Data for processing.

::::

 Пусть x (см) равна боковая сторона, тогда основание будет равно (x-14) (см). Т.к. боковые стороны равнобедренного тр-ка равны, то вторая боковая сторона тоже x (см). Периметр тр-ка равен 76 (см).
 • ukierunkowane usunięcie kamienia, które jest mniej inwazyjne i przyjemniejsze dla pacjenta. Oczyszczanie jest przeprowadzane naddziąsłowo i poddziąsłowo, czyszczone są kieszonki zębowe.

::::

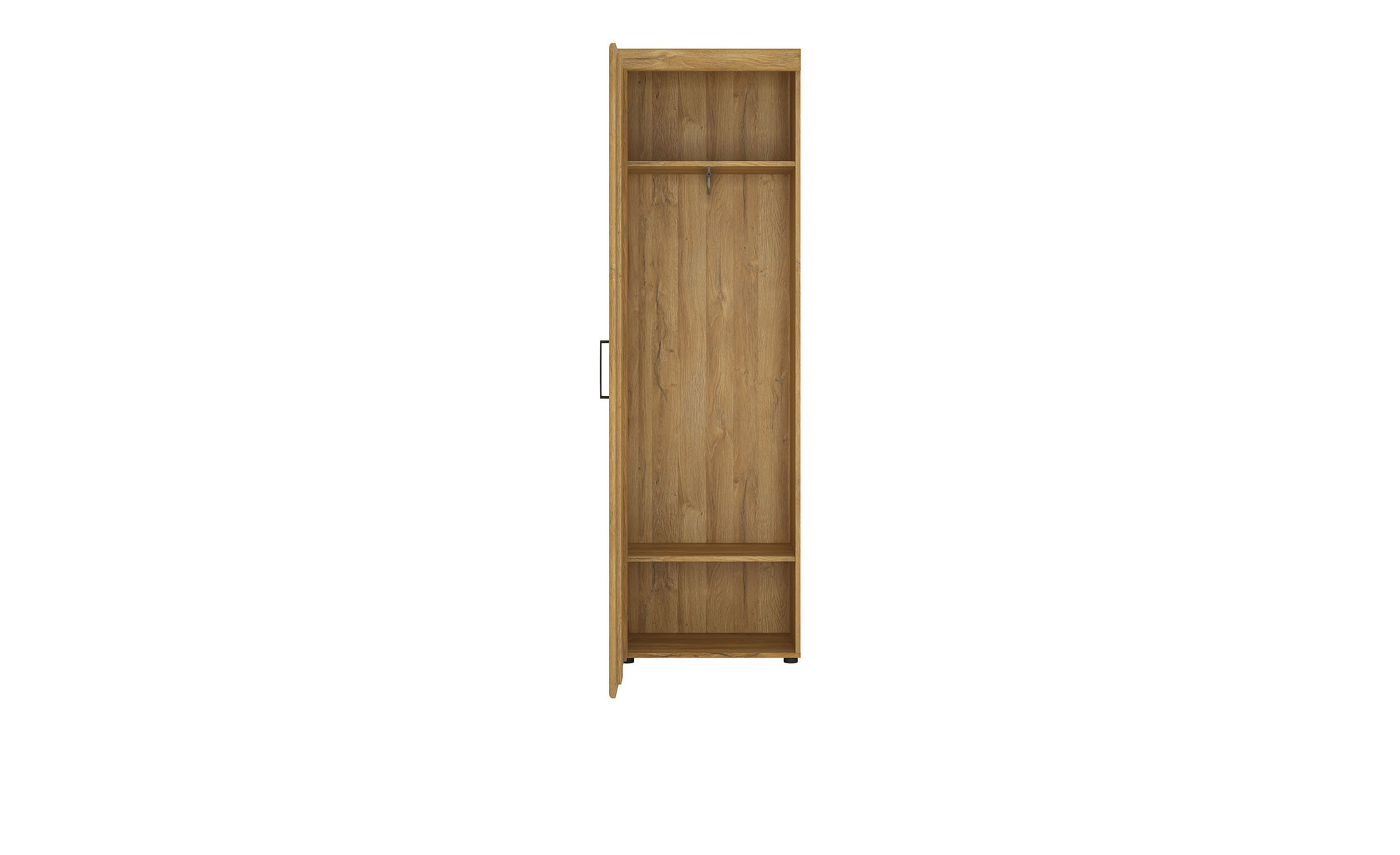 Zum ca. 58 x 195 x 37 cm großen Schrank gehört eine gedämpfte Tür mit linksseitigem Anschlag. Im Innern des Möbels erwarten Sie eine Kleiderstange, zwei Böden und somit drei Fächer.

::::

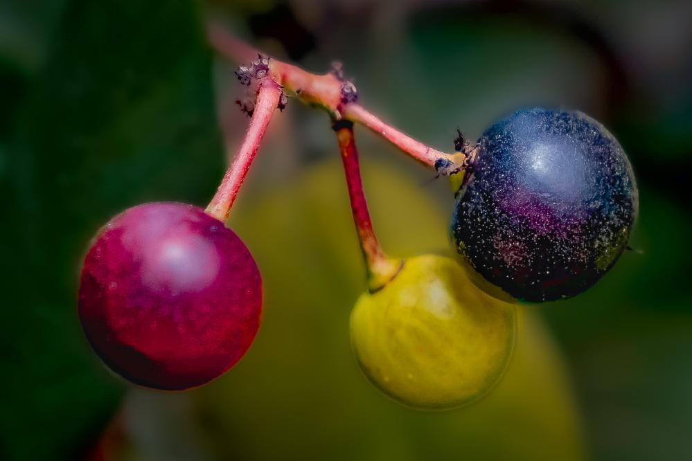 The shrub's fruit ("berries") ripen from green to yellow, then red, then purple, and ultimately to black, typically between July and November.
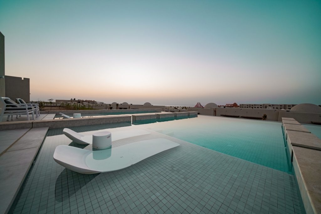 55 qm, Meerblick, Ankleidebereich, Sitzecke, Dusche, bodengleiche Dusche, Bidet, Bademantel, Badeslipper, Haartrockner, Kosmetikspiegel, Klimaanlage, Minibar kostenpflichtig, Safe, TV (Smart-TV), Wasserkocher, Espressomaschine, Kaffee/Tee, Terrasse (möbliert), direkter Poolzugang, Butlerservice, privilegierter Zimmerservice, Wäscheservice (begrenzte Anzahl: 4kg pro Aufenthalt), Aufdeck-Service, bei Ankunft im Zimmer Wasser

::::

How to complete this task.
Among the lines above, find the one with "Пусть x (см)" and the one with "są kieszonki zębowe.". Quote both and everything between them, exactly.

Expected answer.
 Пусть x (см) равна боковая сторона, тогда основание будет равно (x-14) (см). Т.к. боковые стороны равнобедренного тр-ка равны, то вторая боковая сторона тоже x (см). Периметр тр-ка равен 76 (см).
 • ukierunkowane usunięcie kamienia, które jest mniej inwazyjne i przyjemniejsze dla pacjenta. Oczyszczanie jest przeprowadzane naddziąsłowo i poddziąsłowo, czyszczone są kieszonki zębowe.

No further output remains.